Source material:
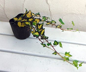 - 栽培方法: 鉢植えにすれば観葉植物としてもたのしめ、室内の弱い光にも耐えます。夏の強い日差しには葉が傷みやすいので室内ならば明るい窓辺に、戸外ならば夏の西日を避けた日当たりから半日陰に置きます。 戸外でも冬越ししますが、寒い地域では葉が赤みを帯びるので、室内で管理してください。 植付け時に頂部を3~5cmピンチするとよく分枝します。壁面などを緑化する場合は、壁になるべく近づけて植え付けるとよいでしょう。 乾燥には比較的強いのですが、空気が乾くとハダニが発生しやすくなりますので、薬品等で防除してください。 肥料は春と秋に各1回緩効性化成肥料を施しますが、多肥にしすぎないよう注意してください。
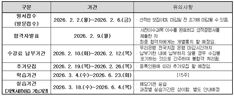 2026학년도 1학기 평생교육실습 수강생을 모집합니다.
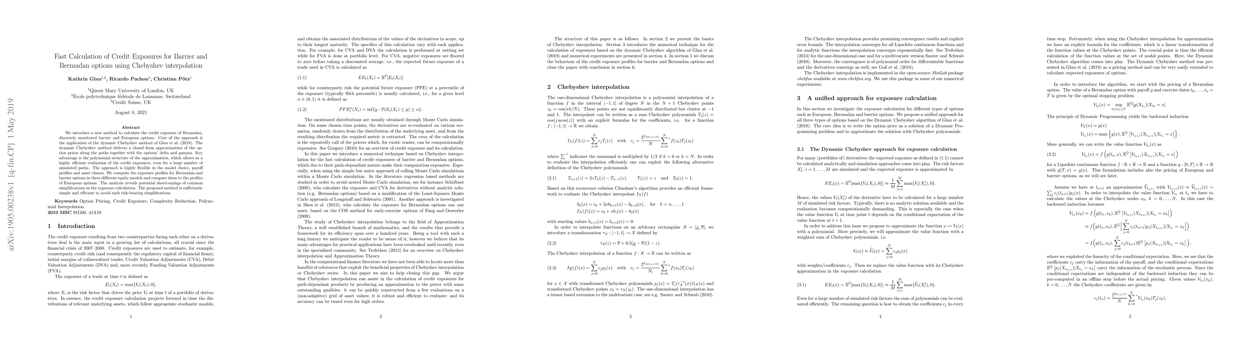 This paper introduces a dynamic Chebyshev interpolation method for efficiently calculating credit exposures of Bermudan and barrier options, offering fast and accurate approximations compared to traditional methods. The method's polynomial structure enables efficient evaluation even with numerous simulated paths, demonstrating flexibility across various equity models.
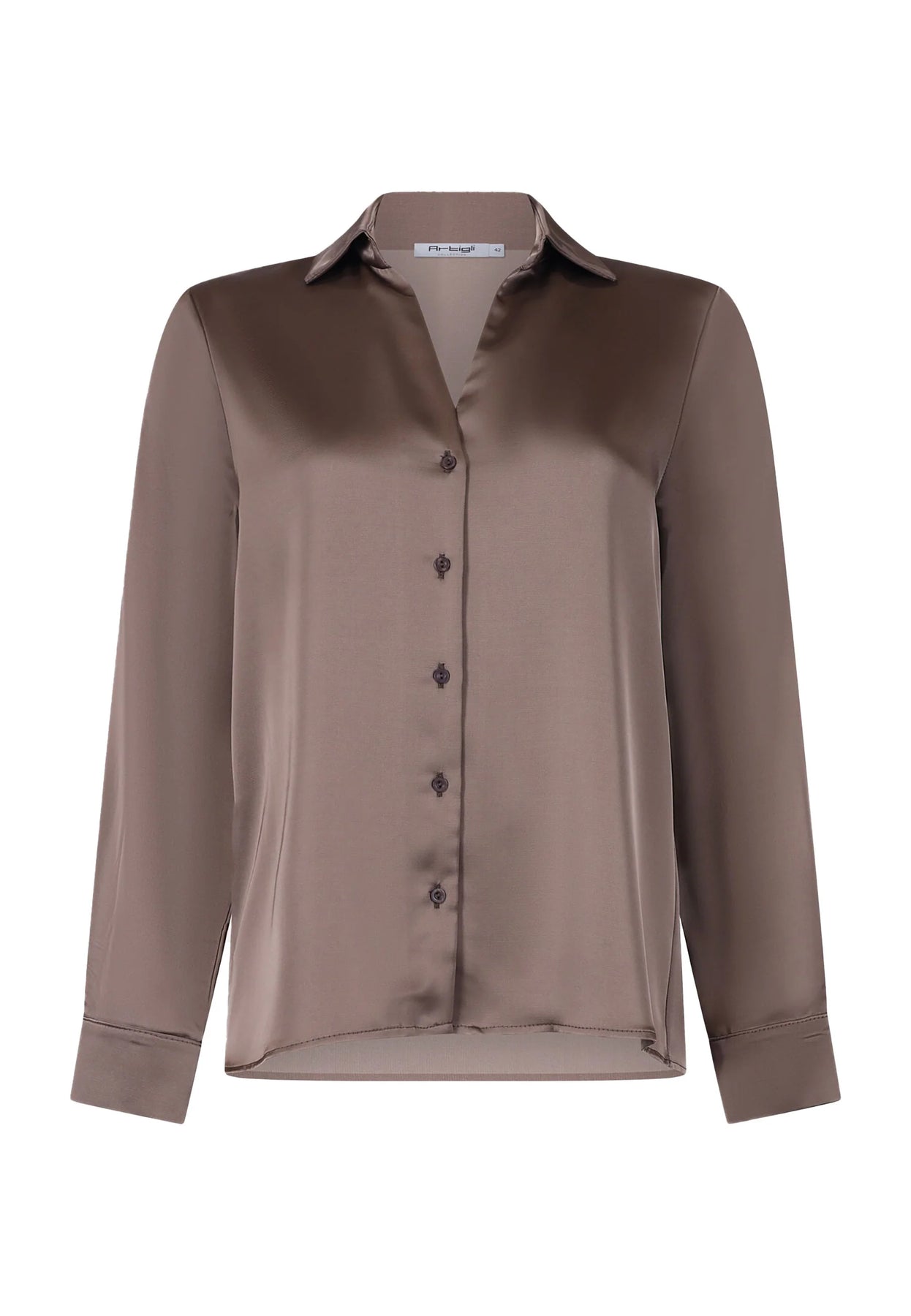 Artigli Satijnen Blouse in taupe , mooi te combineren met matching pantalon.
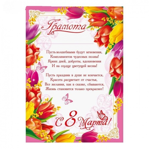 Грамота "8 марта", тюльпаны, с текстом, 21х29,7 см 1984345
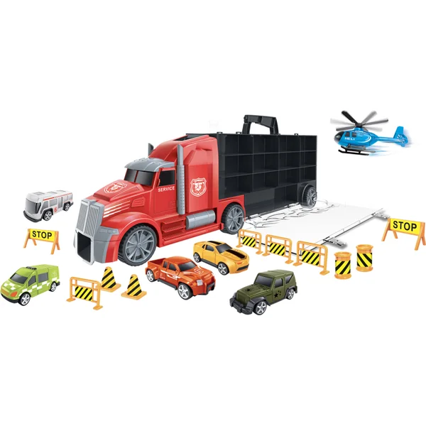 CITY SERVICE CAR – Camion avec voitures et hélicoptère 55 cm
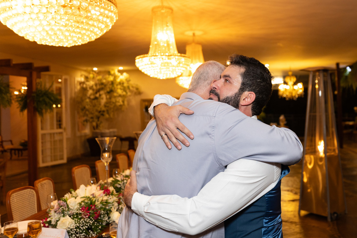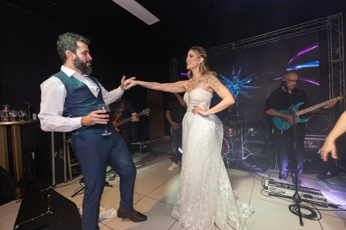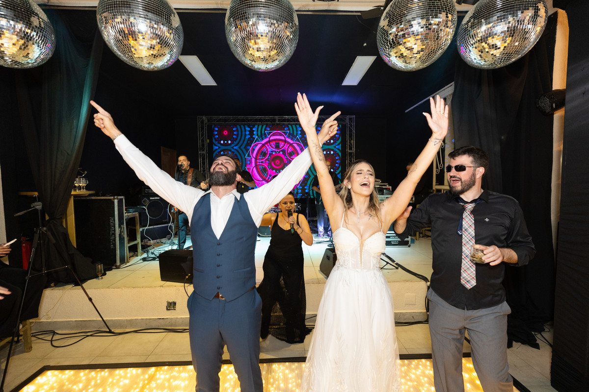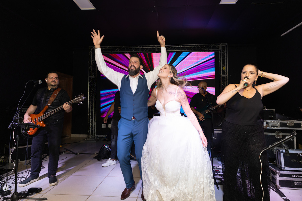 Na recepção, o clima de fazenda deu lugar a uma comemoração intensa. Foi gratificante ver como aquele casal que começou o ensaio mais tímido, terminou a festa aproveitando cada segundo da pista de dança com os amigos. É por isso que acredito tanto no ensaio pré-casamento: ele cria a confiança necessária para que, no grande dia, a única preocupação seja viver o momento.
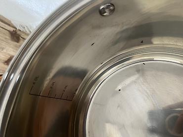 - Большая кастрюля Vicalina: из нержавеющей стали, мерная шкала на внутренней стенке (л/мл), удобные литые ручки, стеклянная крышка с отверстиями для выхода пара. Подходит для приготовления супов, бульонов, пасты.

The task: The entire listing above is to be copied exactly, with all pictures omitted.

Exercise solution:
 - 栽培方法: 鉢植えにすれば観葉植物としてもたのしめ、室内の弱い光にも耐えます。夏の強い日差しには葉が傷みやすいので室内ならば明るい窓辺に、戸外ならば夏の西日を避けた日当たりから半日陰に置きます。 戸外でも冬越ししますが、寒い地域では葉が赤みを帯びるので、室内で管理してください。 植付け時に頂部を3~5cmピンチするとよく分枝します。壁面などを緑化する場合は、壁になるべく近づけて植え付けるとよいでしょう。 乾燥には比較的強いのですが、空気が乾くとハダニが発生しやすくなりますので、薬品等で防除してください。 肥料は春と秋に各1回緩効性化成肥料を施しますが、多肥にしすぎないよう注意してください。
 2026학년도 1학기 평생교육실습 수강생을 모집합니다.
 This paper introduces a dynamic Chebyshev interpolation method for efficiently calculating credit exposures of Bermudan and barrier options, offering fast and accurate approximations compared to traditional methods. The method's polynomial structure enables efficient evaluation even with numerous simulated paths, demonstrating flexibility across various equity models.
 Artigli Satijnen Blouse in taupe , mooi te combineren met matching pantalon.
 Грамота "8 марта", тюльпаны, с текстом, 21х29,7 см 1984345
 CITY SERVICE CAR – Camion avec voitures et hélicoptère 55 cm
 Na recepção, o clima de fazenda deu lugar a uma comemoração intensa. Foi gratificante ver como aquele casal que começou o ensaio mais tímido, terminou a festa aproveitando cada segundo da pista de dança com os amigos. É por isso que acredito tanto no ensaio pré-casamento: ele cria a confiança necessária para que, no grande dia, a única preocupação seja viver o momento.
 - Большая кастрюля Vicalina: из нержавеющей стали, мерная шкала на внутренней стенке (л/мл), удобные литые ручки, стеклянная крышка с отверстиями для выхода пара. Подходит для приготовления супов, бульонов, пасты.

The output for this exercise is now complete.